Reproduce every line below exactly as written; do not include the images.

(Source records)
>>>

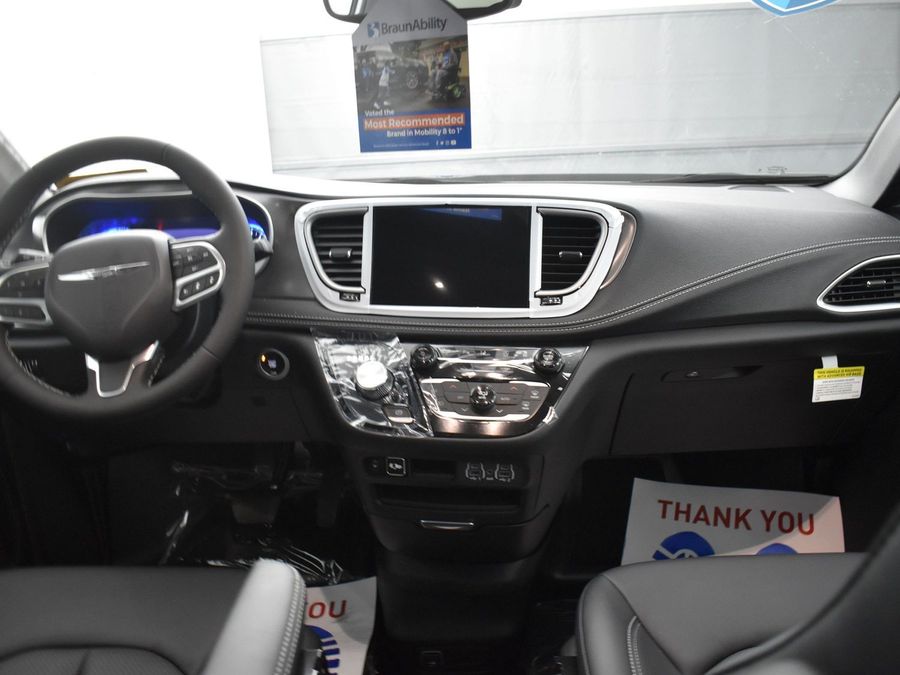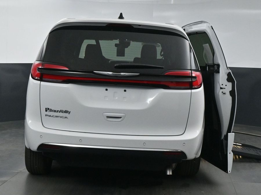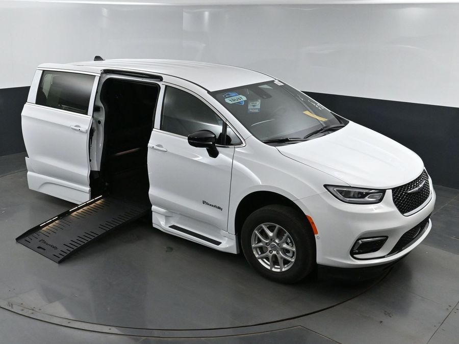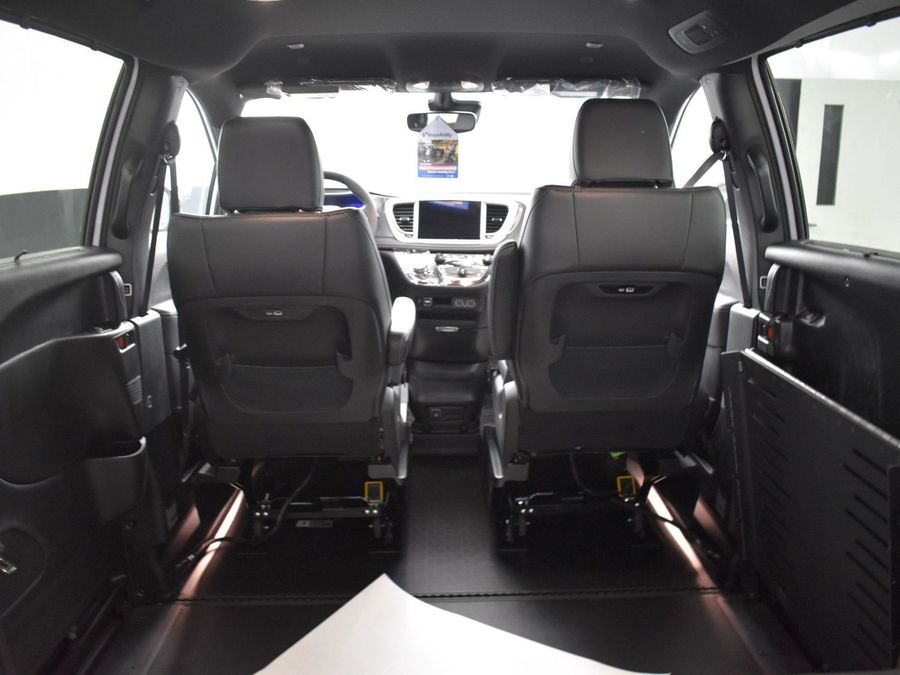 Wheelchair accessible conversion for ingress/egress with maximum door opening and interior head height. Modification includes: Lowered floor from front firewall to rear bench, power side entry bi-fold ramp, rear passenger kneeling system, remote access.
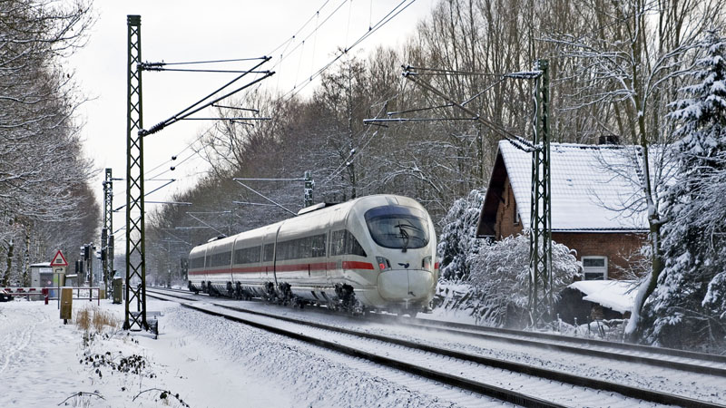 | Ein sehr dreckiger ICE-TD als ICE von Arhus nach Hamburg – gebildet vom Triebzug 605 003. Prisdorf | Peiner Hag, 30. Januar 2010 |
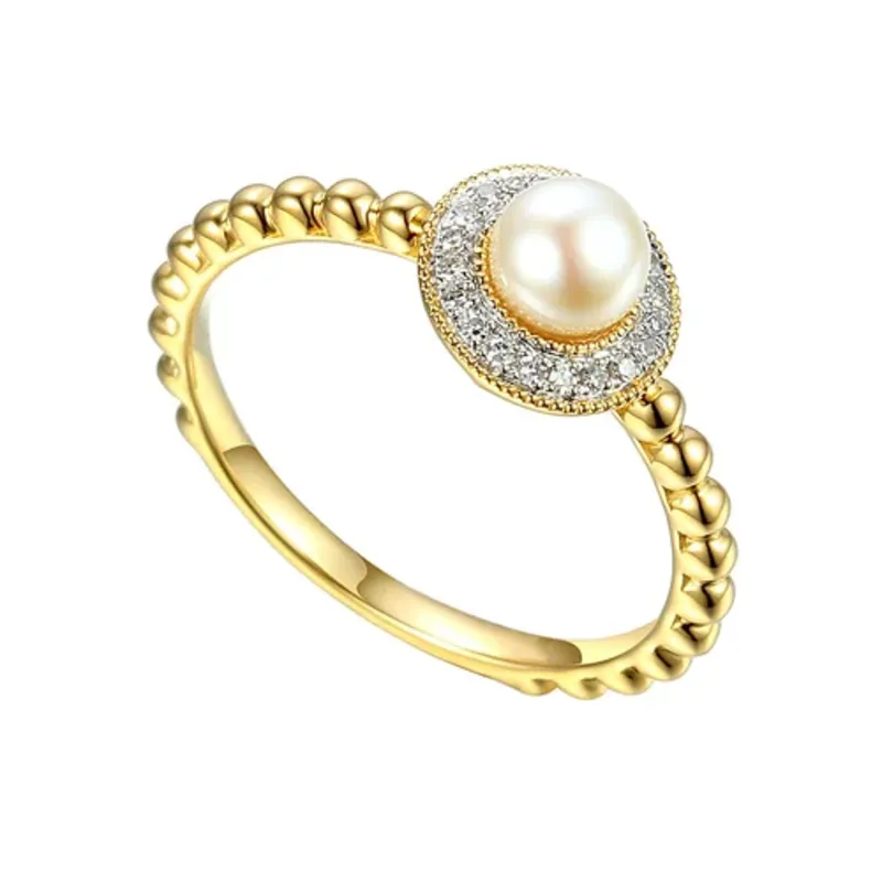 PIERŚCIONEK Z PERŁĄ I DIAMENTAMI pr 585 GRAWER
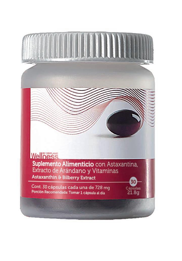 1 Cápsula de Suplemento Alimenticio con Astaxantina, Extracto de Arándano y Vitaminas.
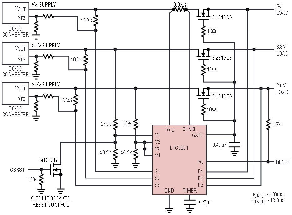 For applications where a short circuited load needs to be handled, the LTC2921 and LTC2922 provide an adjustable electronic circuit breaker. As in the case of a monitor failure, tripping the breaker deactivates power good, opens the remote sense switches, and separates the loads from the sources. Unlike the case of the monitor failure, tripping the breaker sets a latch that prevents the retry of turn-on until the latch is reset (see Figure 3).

<<<

(Answer):
 Wheelchair accessible conversion for ingress/egress with maximum door opening and interior head height. Modification includes: Lowered floor from front firewall to rear bench, power side entry bi-fold ramp, rear passenger kneeling system, remote access.
 | Ein sehr dreckiger ICE-TD als ICE von Arhus nach Hamburg – gebildet vom Triebzug 605 003. Prisdorf | Peiner Hag, 30. Januar 2010 |
 PIERŚCIONEK Z PERŁĄ I DIAMENTAMI pr 585 GRAWER
 1 Cápsula de Suplemento Alimenticio con Astaxantina, Extracto de Arándano y Vitaminas.
 For applications where a short circuited load needs to be handled, the LTC2921 and LTC2922 provide an adjustable electronic circuit breaker. As in the case of a monitor failure, tripping the breaker deactivates power good, opens the remote sense switches, and separates the loads from the sources. Unlike the case of the monitor failure, tripping the breaker sets a latch that prevents the retry of turn-on until the latch is reset (see Figure 3).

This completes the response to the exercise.